> **TASK**:
Every line from the one with "- l数据交换平台:NAS集" up to and including the one with "De bus voor" is to be output exactly as it appears below; pictures are not.

> **SUPPLIED DATA**:
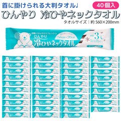首掛けできる -3℃ ひんやり 冷ひやネックタオル 日本製 個包装 1枚入×40個セット メントール配合 無香料 冷感タオル
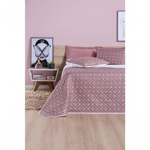 Cobre Leito 200 Fios Petit Poá Casal Padrão 03 Peças - Rose
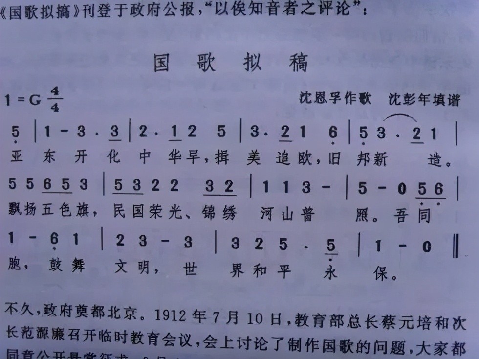 国歌是代表国家的歌曲,国歌由中央政府制定或选用。1912年1月1日,中华民国南京临时政府成立。为制定国歌,教育部于2月3日发布通告:“今者民国成立,尚未有美善之国歌。以供国民讽咏,良用恧焉。本部现拟征集歌谱,俟取材较多,再敦请精于斯学者共同审定,颁行全国。”通告发布后,各界人士纷纷投稿。2月25日,《南京临时政府公报》上刊登一应征稿件,名为《亚东开化中华早》,其歌词是:
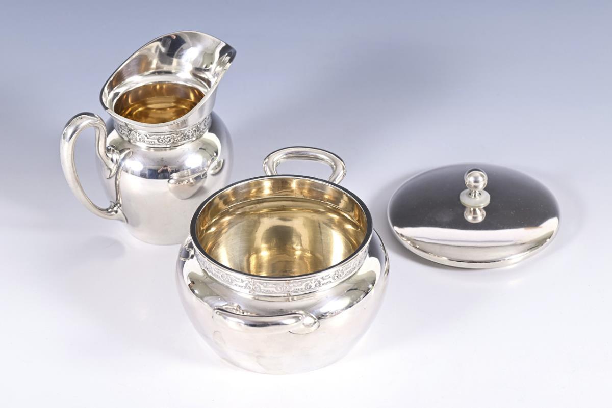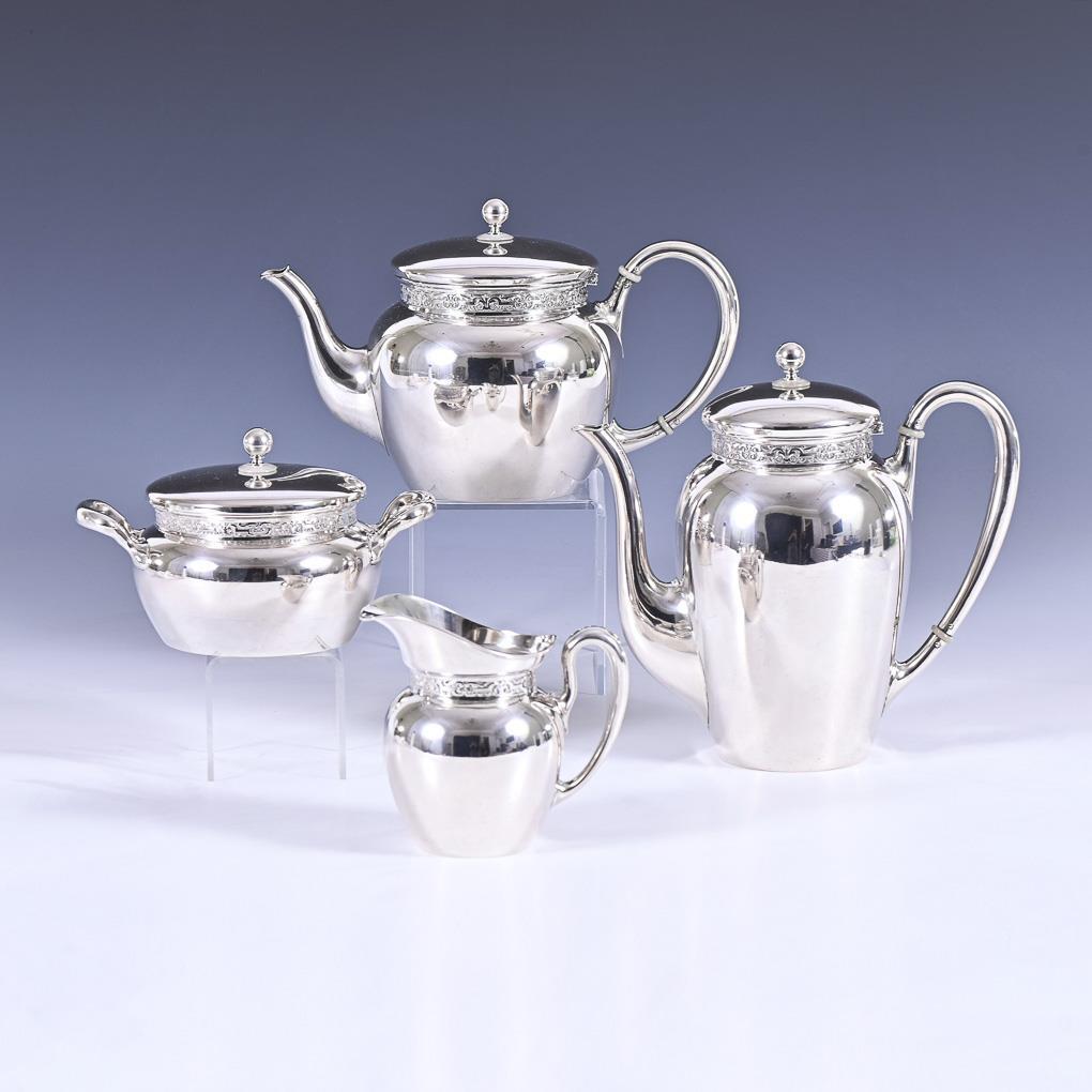Timeless form with narrow relief band: coffee pot (h 19,5 cm), tea pot (h 15 cm), cream pourer and sugar bowl. Pots with few small dents.
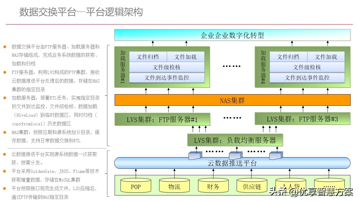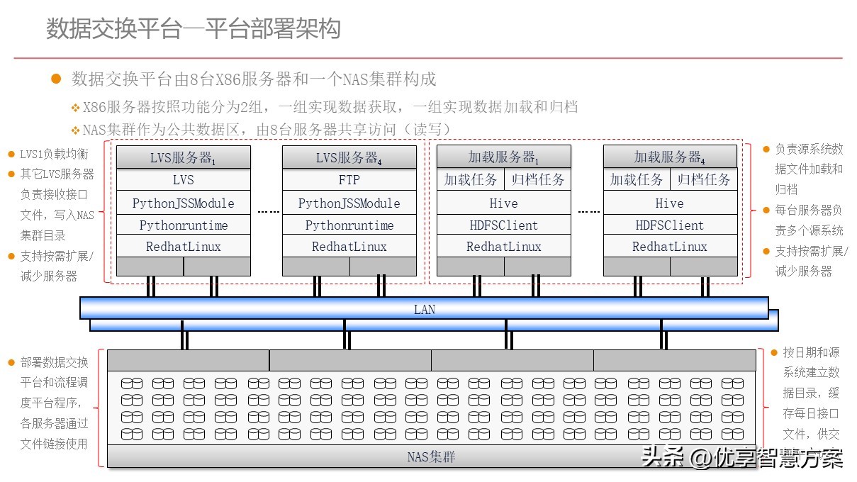 - l数据交换平台:NAS集群实现了进出数据平台数据的暂存,业务数据交换组件实现了业务系统每日增量数据加载,数据区数据交换组件实现了基础计算平台与管理分析平台间的数据交换
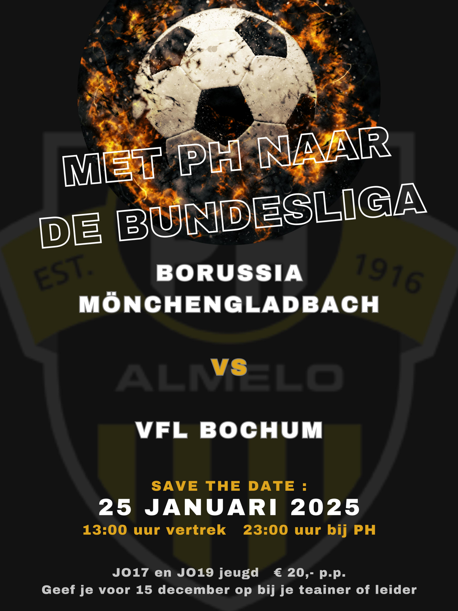De bus voor het geweldige Bundesliga-uitje op 25 januari raakt snel vol! Er zijn nog maar 5 plekken beschikbaar, dus geef je snel op via je trainers. Let op: vol = vol!
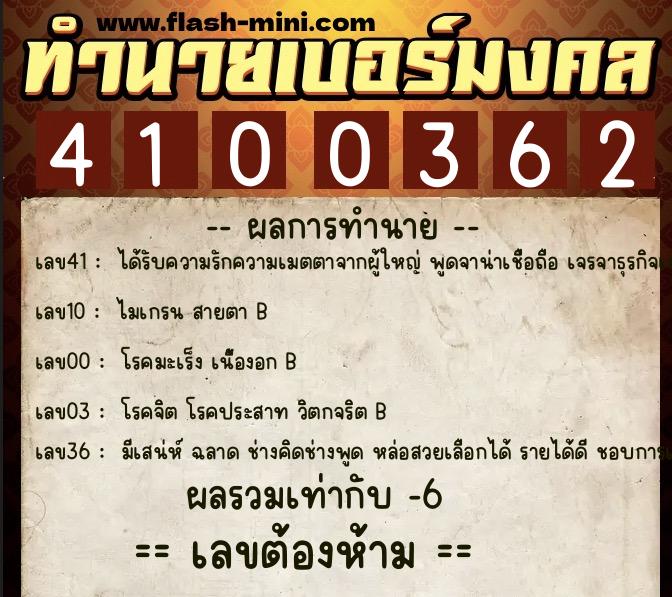 วิเคราะห์เบอร์มงคล หมายเลข 0XX-4100362 เบอร์นี้คือ เลขต้องห้าม
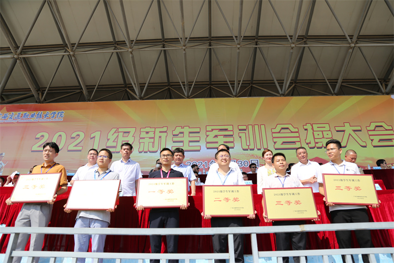 会操结束后,学校领导宣读了获奖文件并为优秀组织奖、军训标兵、星级宿舍等获奖代表颁奖。
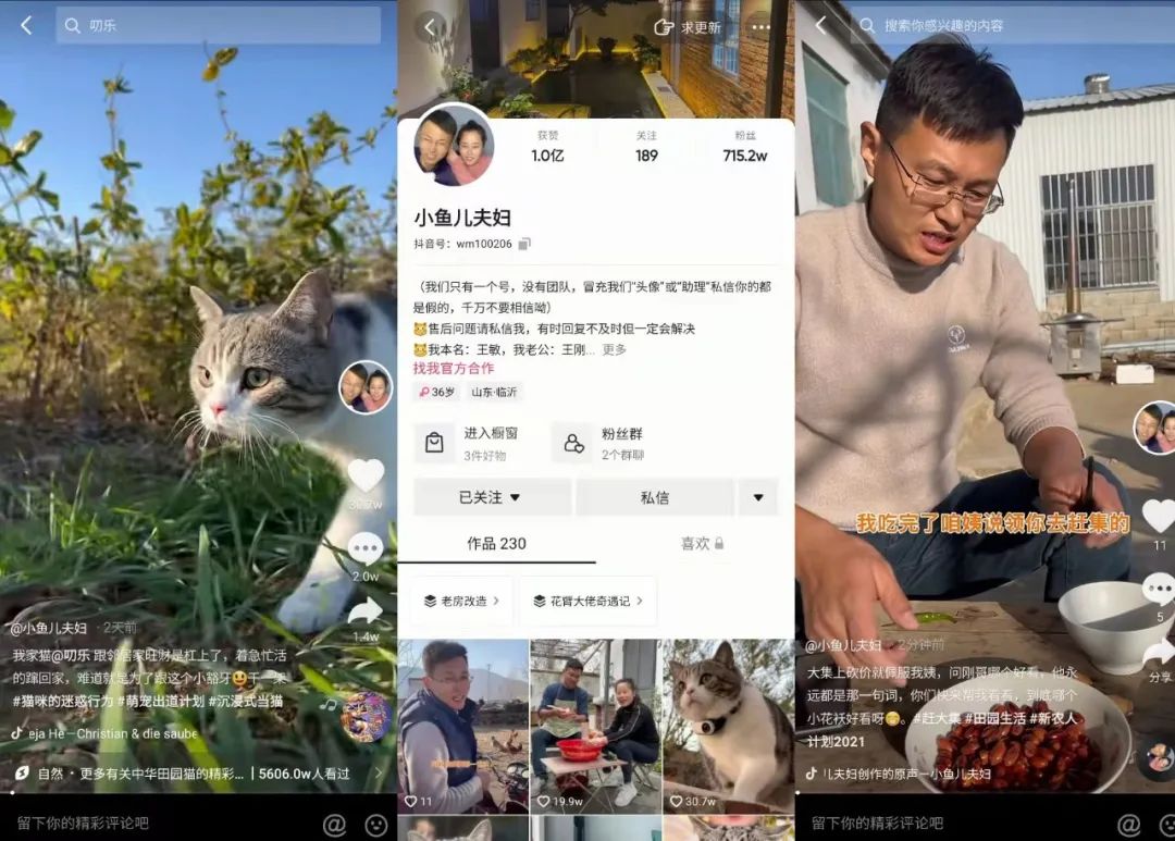 还有像小鱼儿夫妇,走的是夫妻二人搭档,丈夫作为主角出境,妻子手持拍摄,并作为旁白进行讲解的方式。这种拍摄逻辑,像是妻子拍摄记录生活的Vlog,观众可以通过妻子视角,进入到他们的生活。
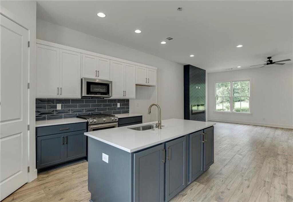 End unit large townhouse has 3 beds 2.5 baths with open concept living,dining and loft areas. Walk onto your covered porch and find an outdoor fireplace. Inside find a large family room w/10 ft. ceilings,casual dining,kitchen and a powder room. Kitchen features SS appliances,shaker style 42 inch cabinets w/modern trim,tile backsplashes,recessed can lighting and pendant lighting. Upstairs you will find a loft area-great for a study or media area,the primary bedroom w/spa like bath including a super double showers,double vanity w/makeup area and walk in closet. 2 large secondary beds w/walk in closets and another full bath complete the upstairs. Beautiful trending paint colors,designer LVP flooring,carpet and ceramic tile,8 ft. doors throughout,shaker style cabinetry and the latest styles of granite/quartz countertops have been specially picked for each unit. HOA includes lawn maintenance and limited exterior maintenance. This unique townhome community is located in the heart of downtown Flowery Branch with walkability to restaurants,shops,parks and Lake Lanier nearby. to I-985,shopping and North Georgia University Gainesville,Minutes away from many Lake Lanier parks. blinds and refrigerator is installed.
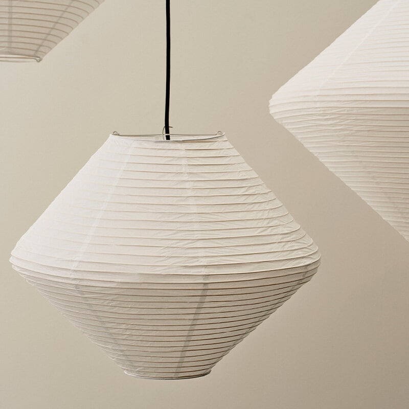HAYs Paper Shade-serie är tillverkad i lätt papper med en ribbad stomme av bambu och sprider ett mjukt och behagligt ljus i hemmet. Lampskärmarna finns i flera olika former och storlekar och säljs utan sladdställ.
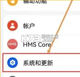 2、进入手机的设置界面后,点击开启系统和更新选项。
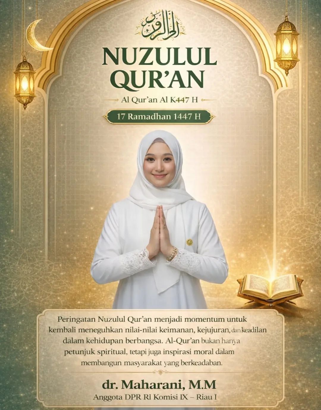 JAKARTA – ARGOTERKINI.COM-Anggota DPR RI Komisi IX Daerah Pemilihan Riau I, dr. Maharani, M.M, menyampaikan pesan refleksi dalam momentum Malam Nuzulul Qur’an yang diperingati umat Islam pada bulan suci Ramadan. Ia mengajak masyarakat menjadikan peringatan turunnya Al-Qur’an sebagai penguat nilai keimanan sekaligus pedoman dalam kehidupan berbangsa dan bernegara.
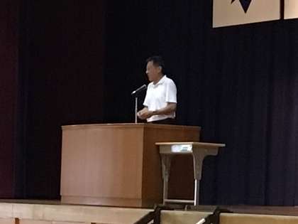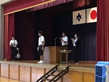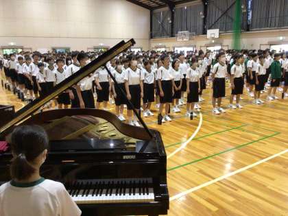 全校集会 公開日 2024/09/02 更新日 2024/09/02 全校生徒 授業前に全校集会を行いました。部活動の表彰と、校長講話がありました。講話ではパリオリンピックの話を交えながら努力をし続ける大切さを話されました。体育館に響く全校で歌う校歌を聴き、生徒達が戻ってきた実感が得られました。
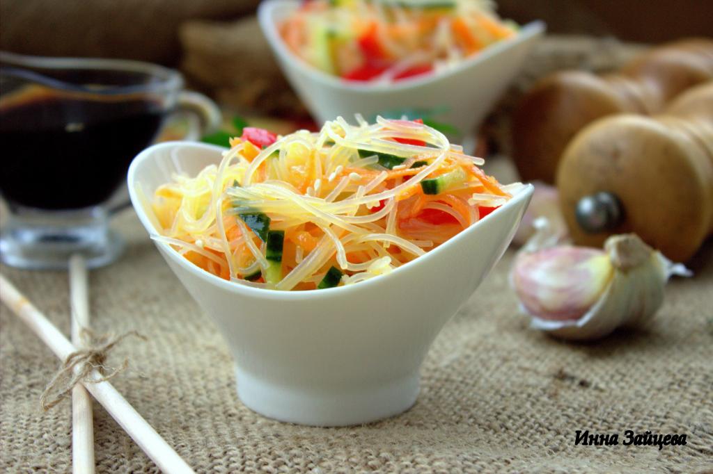 Салат с фунчозой, перцем и огурцом
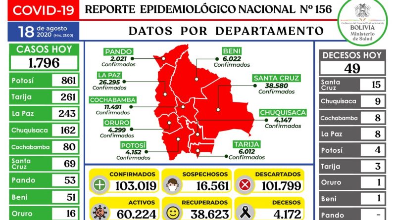Este martes, el Ministerio de Salud reportó 1.796 nuevos casos de COVID-19, con un total acumulado de 103.019 contagios en todo el país, siendo el departamento de Potosí con mayores infectados en esta jornada con 861. la paz, 18 agosto 2020.
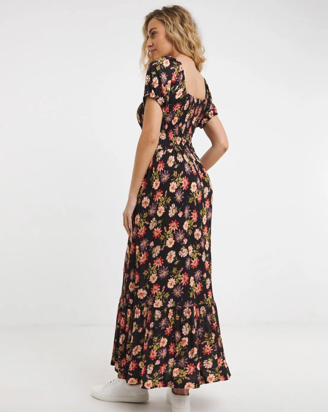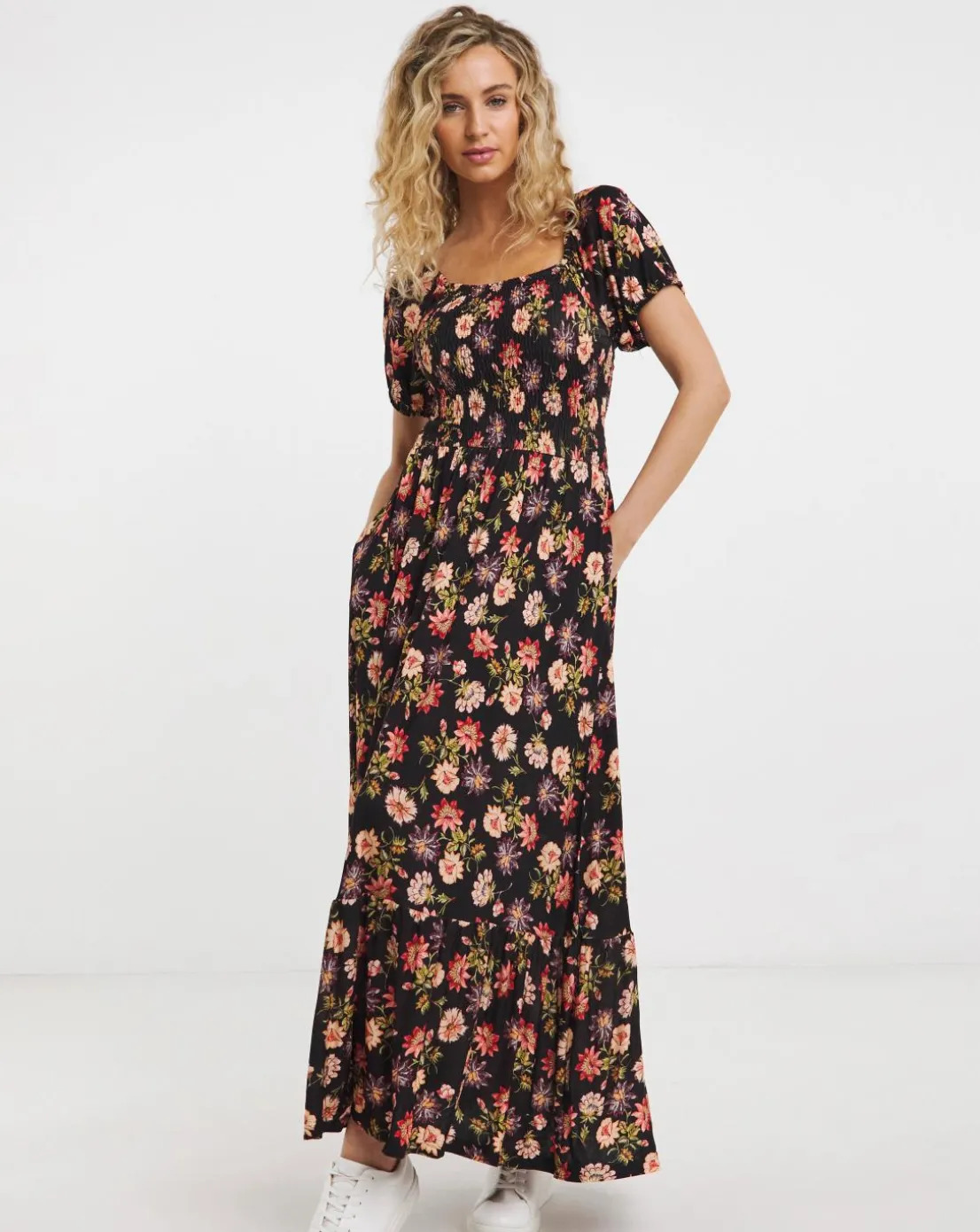 Every spring wardrobe needs the perfect maxi floral dress and this one is about to become your new seasonal favourite. Combining a stunning feminine design with subtle details, we added puff sleeves, a shirred bodice and tiered skirt to bring those all important finishing touches.

> **ANSWER SPACE**:
 - l数据交换平台:NAS集群实现了进出数据平台数据的暂存,业务数据交换组件实现了业务系统每日增量数据加载,数据区数据交换组件实现了基础计算平台与管理分析平台间的数据交换
De bus voor het geweldige Bundesliga-uitje op 25 januari raakt snel vol! Er zijn nog maar 5 plekken beschikbaar, dus geef je snel op via je trainers. Let op: vol = vol!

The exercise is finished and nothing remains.